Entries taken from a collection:
Content starts

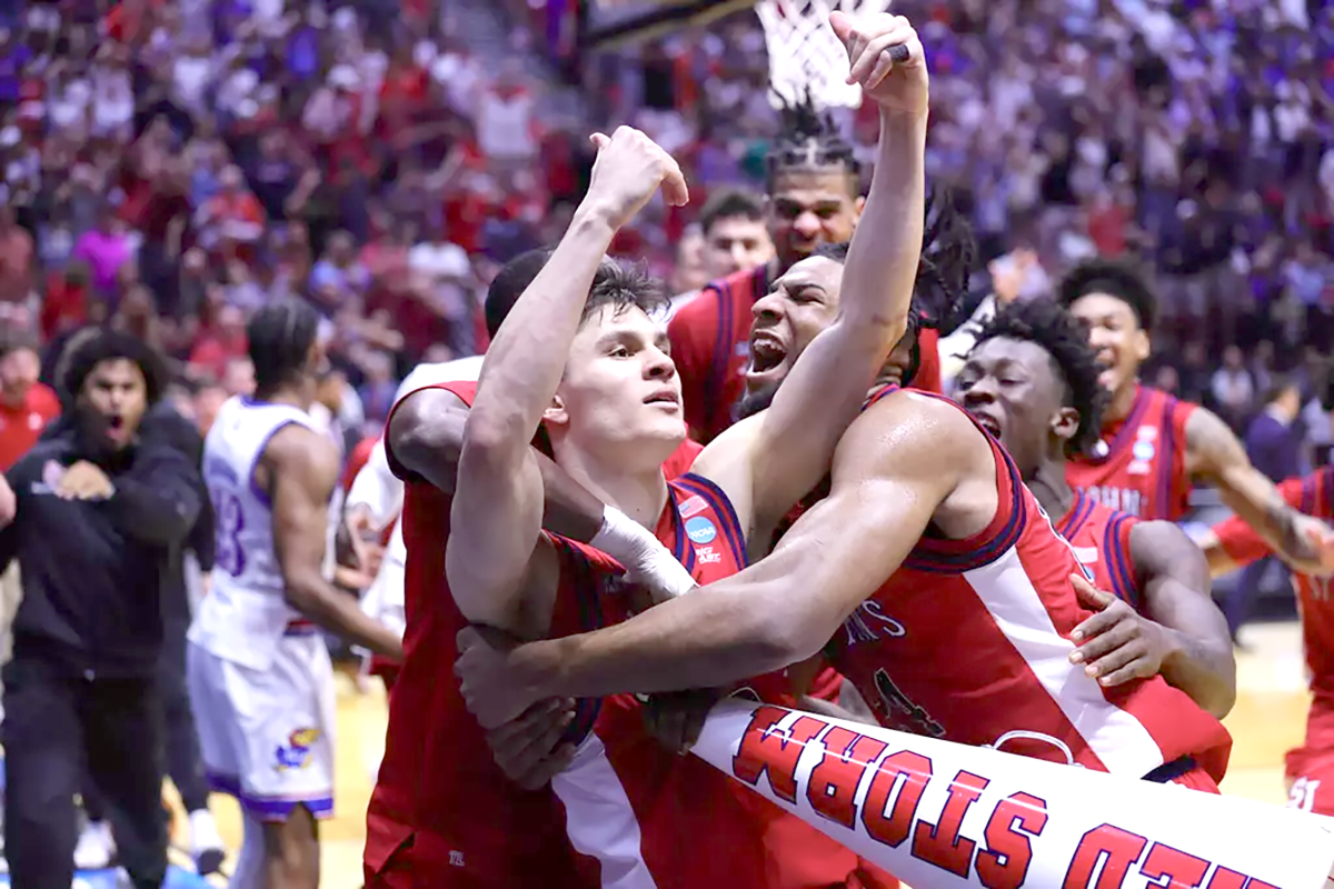 Dylan Darling is swarmed by teammates after his buzzer-beating layup as St. John’s advanced past the second round for the first time in over two decades! Photos courtesy St. John’s basketball.
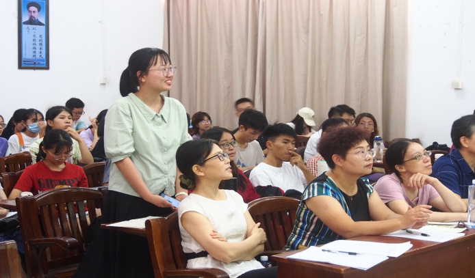 9月30号,全国第四届“中学西渐杯”汉语国际教育综合技能大赛校内预选赛于伟德官网bv1946湖光校区钟海楼举行。本次比赛引起了广老员工的观摩热情,报名观赛者众多,教室座无虚席。经过初选,9名选手晋级预选赛。本次预选赛分限时试讲和中英文问答两部分,选手们在台上各显风采,发挥出色,充满激情,展示出了扎实的专业素养。担任本次预选赛评委的是汉语国际教育专业负责人安华林教授、公司督导组成员费良华副教授、特邀评委秘书学专业张鑫副教授、中文系副主任张伟博士、对外汉语教研室主任黎海情老师。评委们对选手的表现一一做了精彩而专业的点评,选手和观众们纷纷表示收获良多、受益匪浅。经过激烈角逐,汉语国际教育专业梁可弦和余欢乐同学最终摘得桂冠,荣获一等奖。
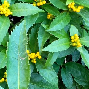 [今日のお花]千両 千両の実💛 実がぎっしりと付いた黄千両💛 通りのさつきの植え込みに3年前くらいから育った黄千両💛 昨年初めて実が付いて、キラキラテープをした甲斐もあって良く育ちました。 お隣さん、職場の皆さんにも喜ばれこちらまで嬉しい出来事でした😊 実を少し鳥に残し、翌日はすっかりきれいに食べていましたよ🤗
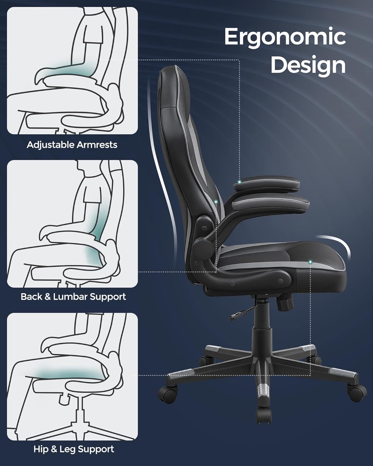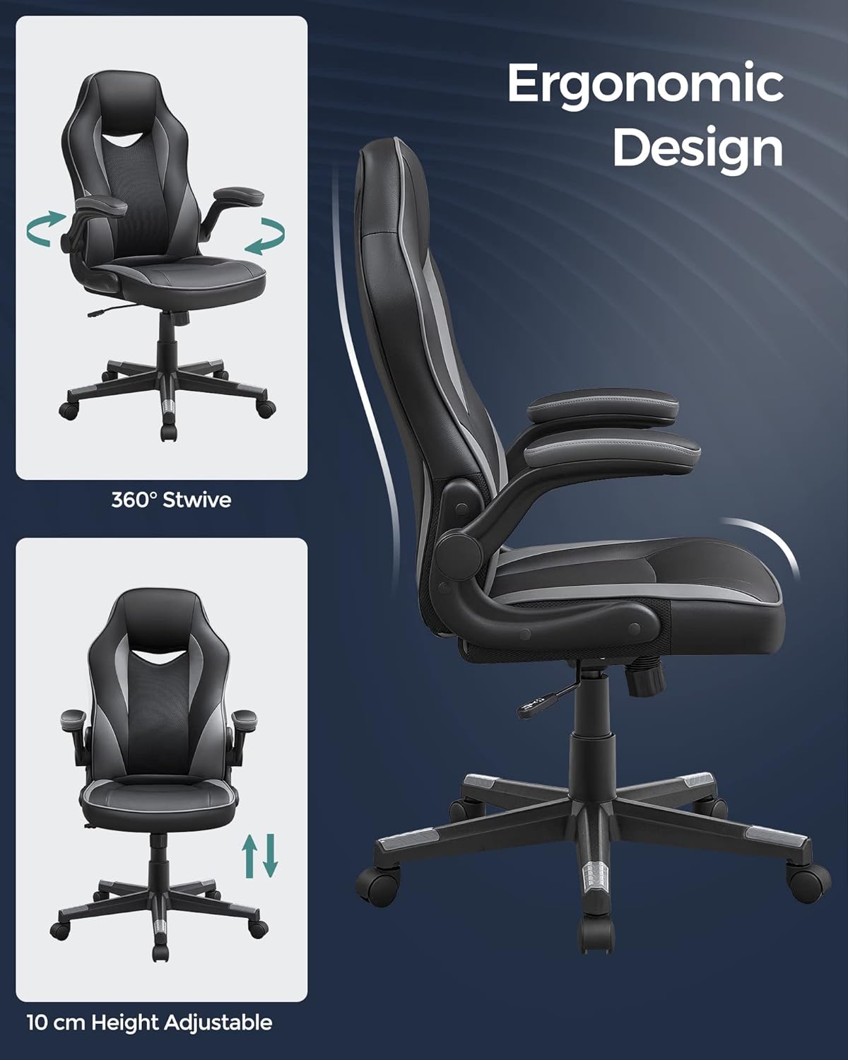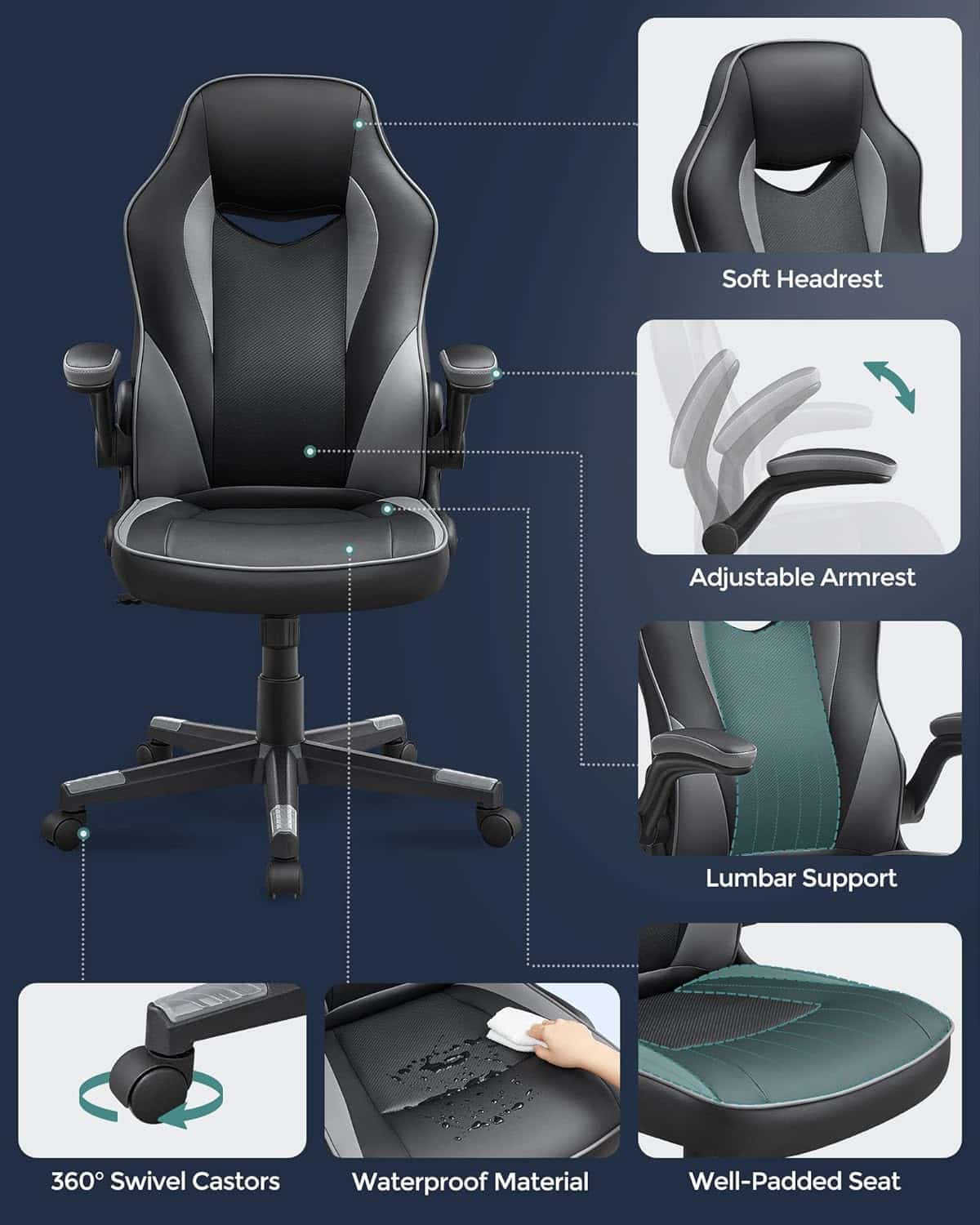 Bureaustoel, ergonomische bureaustoel, computerstoel, in hoogte verstelbaar, belastbaar tot 150 kg, PU imitatieleer, kantoor, thuis, kantoor, zwart en grijs
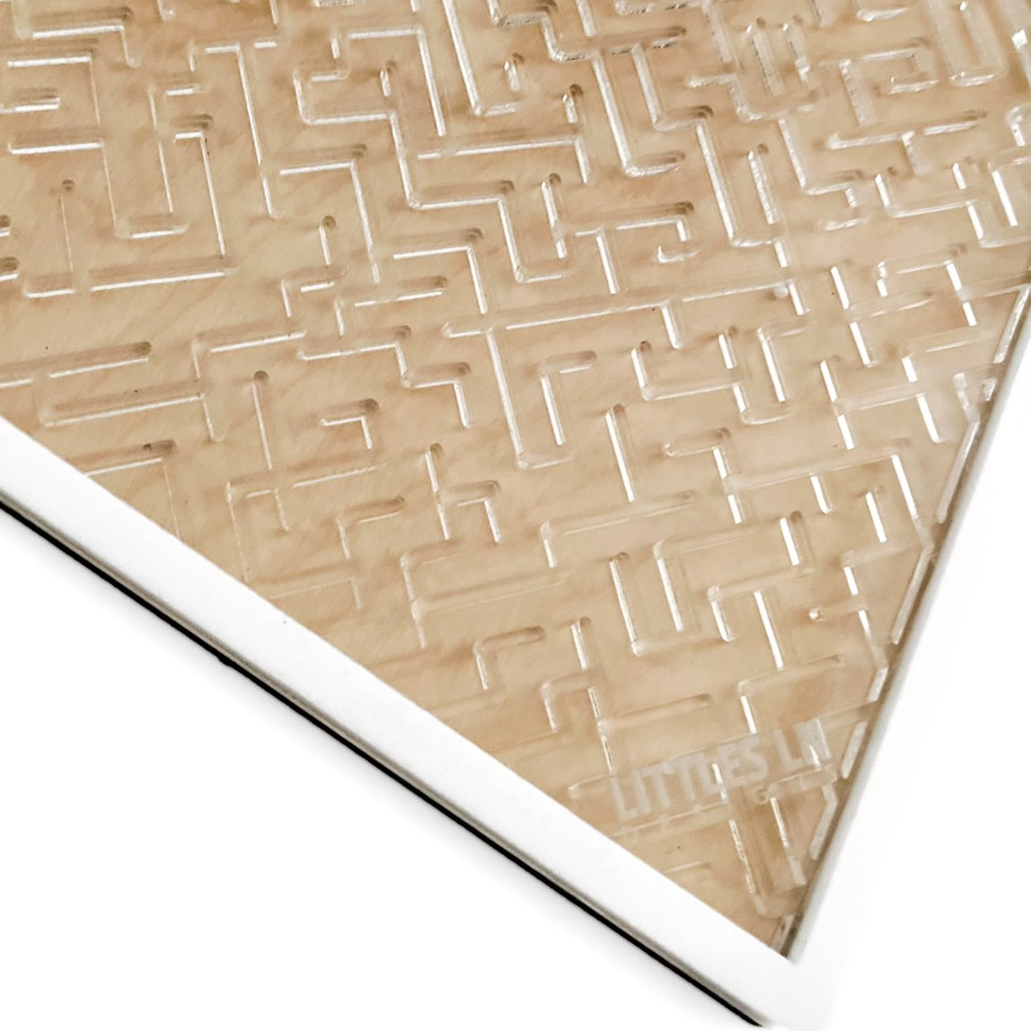 - Layered tilt maze, laser-cut from ¼" birch backing, ⅛" clear gloss acrylic with laser-cut maze design, ⅛" clear gloss acrylic top, and ⅛" gloss acrylic heart design.
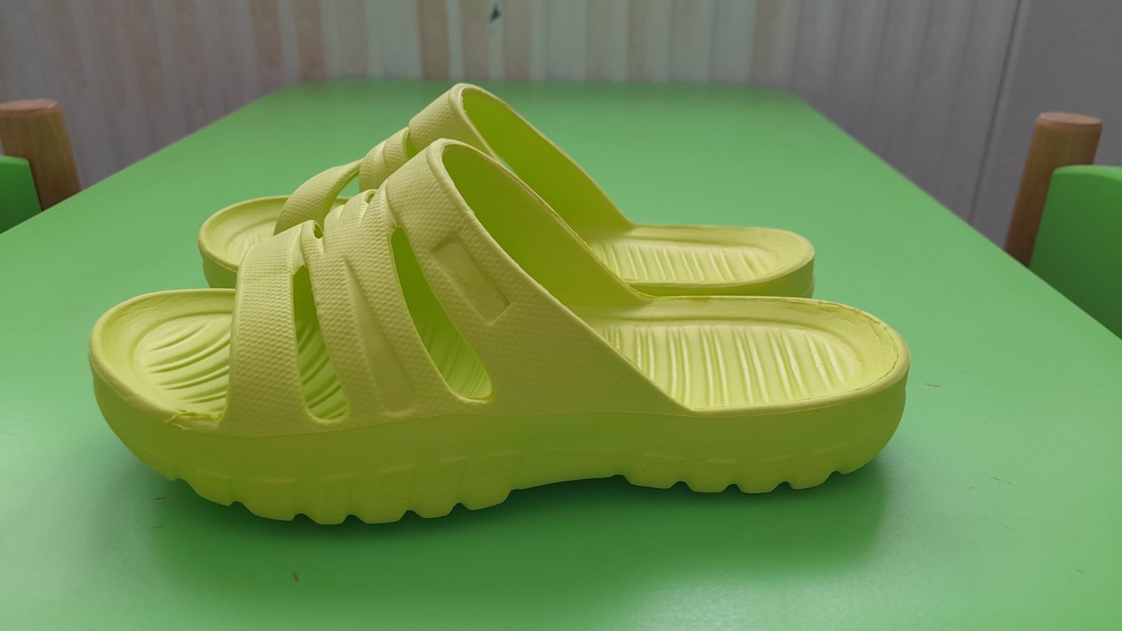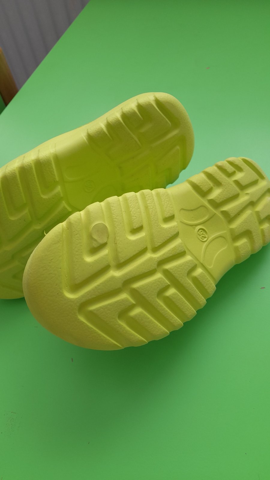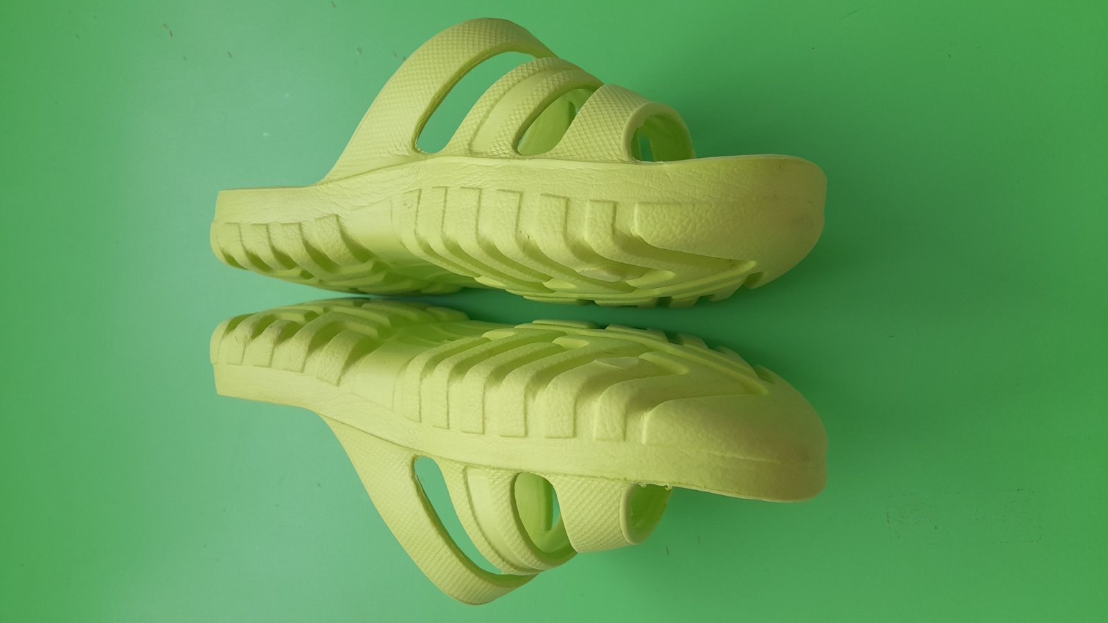 Kriklavo zelene resp. zelenozlte slapky k vode, na leto, kupko a pod. Pekny zachovaly stav, bez vyraznych znamok nosenia. Vycistene, pripravene na nosenie.

Content ends

**Directions for this task**
Could you write out exactly the lines running from the one with "- Layered tilt" through the last line of the data above, both ends kept, and omit any picture?

**Response to the task**
 - Layered tilt maze, laser-cut from ¼" birch backing, ⅛" clear gloss acrylic with laser-cut maze design, ⅛" clear gloss acrylic top, and ⅛" gloss acrylic heart design.
 Kriklavo zelene resp. zelenozlte slapky k vode, na leto, kupko a pod. Pekny zachovaly stav, bez vyraznych znamok nosenia. Vycistene, pripravene na nosenie.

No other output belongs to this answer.